Question

How many fluoride ions are present in 175 g of calcium fluoride?

Answer 1

The chemical formula for calcium fluoride is $CaF_2$.

The $CaF_2$ dissociates into ions as:

$CaF_2\rightarrow Ca^{2+} + 2F^{-}$

From the above reaction it is clear that 1 mole of $CaF_2$ gives 1 mole of $Ca^{2+}$ and 2 moles of $F^{-}$ ions.

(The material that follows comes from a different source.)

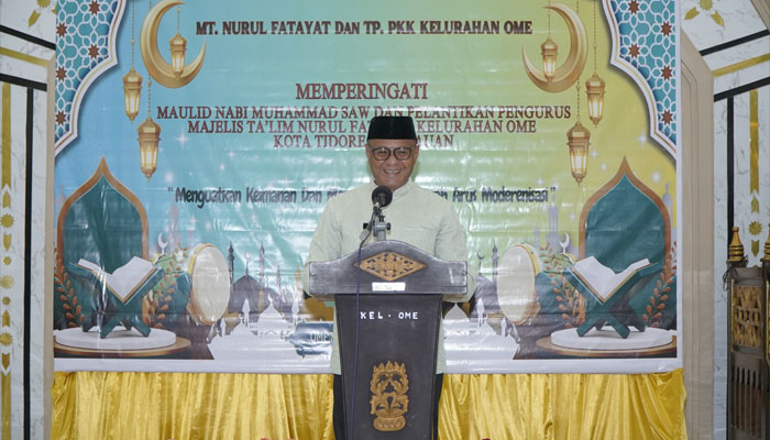 Lintas3.com, Tidore – Wali Kota Tidore Kepulauan Muhammad Sinen bersama Ketua Tim Penggerak PKK Kota Tidore Kepulauan, Hj. Rahmawaty Muhammad Sinen menghadiri Peringatan Maulid Nabi Muhammad SAW 1447 Hijriah di Masjid Al-furqan Kelurahan Ome.

Molar mass of $CaF_2$ is $40.078 + 2\times 18.998 = 78.074 g/mol$

1 mole of $[tex]CaF_2$[/tex] contains $78.074 g$ of $CaF_2$.

1 mole of $CaF_2$ contains 2 moles of $F^{-}$ ions.

So, the number of fluoride ions in 175 g of $CaF_2$ is:

$175 g \times \frac{1 mole CaF_2}{78.074 g/mol CaF_2}\times \frac{2 mole F^{-}}{1 mole CaF_2}\times 6.022\times 10^{23} F^{-} ions$

= $26.999\times 10^{23}$

Hence, the number of fluoride ions present in 175 g of calcium fluoride is $26.999\times 10^{23}$.